Выглядели они жалко. Как зомби. И, как и любой зомби, стали они таковыми от укуса в голову. Только вместо отравленной слюны их укусили брошюрками идеологов, затем пригласили на лето в молодежный лагерь у озера, где они тотчас засрали все берега, а им окончательно засрали мозги и подарили пейджер. Ну или не приглашали ни в какой лагерь, а просто подтянули в толпу. Мол, если будешь с нами, то и гопники не страшны. Ибо мы — сила.

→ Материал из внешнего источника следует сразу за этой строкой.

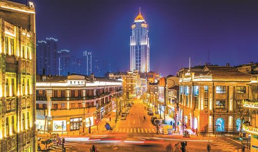从一元路至江汉路,为了展现这一段的古典文艺风貌,夜景照明以暖白、暖黄光为主,彰显文艺浪漫的气息。江汉路至前进一路段,以琥珀色灯光为主,并在现代商业建筑上点缀少量彩色光源,烘托出商业氛围。从前进一路至武胜路段,以现代风格为主。目前,这一路段的亮化提升仍在进行中。

В общем умело используя тупость и узколобость, вбив в голову что необходимо иметь собственное мнение и под видом его насадив свое, сыграв на комплексах, ловкие циничные дельцы вербовали таких идиотов пачками, формируя новое послушное стадо, карманный гитлерюгенд. «Ваши», «Ихние», «Нынешние», «Молодая поросль» — число карманных стад в последнее время росло в геометрической прогрессии и в телевизоре их, очень даже неспроста, полюбили. С утра в новостях показывали как они борются с наркоманией кося посевы конопли, днем, как они блокируют проходную якобы экологически опасного предприятия, вечером в программе был сюжет, как стадо этих очканов жжёт на площади книги писателя, не постеснявшегося в романе упомянуть ХУЙ. У них самих в обладании естественно была только ПИСЬКА, и, как и положено письке, весьма скромных размеров. От этого бутафорского ханжества тошнило.
* * *Я бы ни за что не подумал, что могу пересечься с этими барашками иначе, чем случайно забредя к ним на пастбище. Но выпивая в компании менеджера Сереги и парочки едва знакомых девиц с третьего этажа, в одном из близлежащих к офису кабаков традиционное пятничное пиво я вдруг оказался участником внезапной вербовки в эту секту недолеченных придурков.
— А что, Марат, — спросил меня Серега, когда наши спутницы, что называется, поднахлестались, и отчалили к барной стойке трясти телесами в волнах танца, — говорят ты у Коновалова интервью брал?
— Ну да, сегодня Дед с утра отправил. Срочно, говорит. Пришлось нестись во весь опор. Потом еще полдня редактировал, аж устал. В понедельник будет в номере. А что?
— Да так, ничего. Просто Коновалов этот, ну он мутный какой—то вроде, нет?
— Да не особо мутный. Не мутнее всех этих пидарасов.
— Каких таких пидарасов?
— Да всех. Что в Вече, что в Концах, что в Цехах — везде одни пидарасы.
— Это точно. — Засмеялся Серёга. — Хорошо, что ты это понимаешь.
— Ой, Серёга, кто этого не понимает? Ты чего спросил—то? Знаешь, есть такое мнение, что если коллеги типа заговорили на пьянке о работе — значит уже напились. А если…
— А если о политике, — подхватил Серёга, — значит уже пора по домам! Знаю, знаю. Давай тогда выпьем, что ли.
Мы выпили. Разговор как—то сам собой уполз в сторону и неожиданно выскочил на утреннее происшествие, когда я, переходя дорогу столкнулся с каким—то манерным, пахнущим женскими духами придурком.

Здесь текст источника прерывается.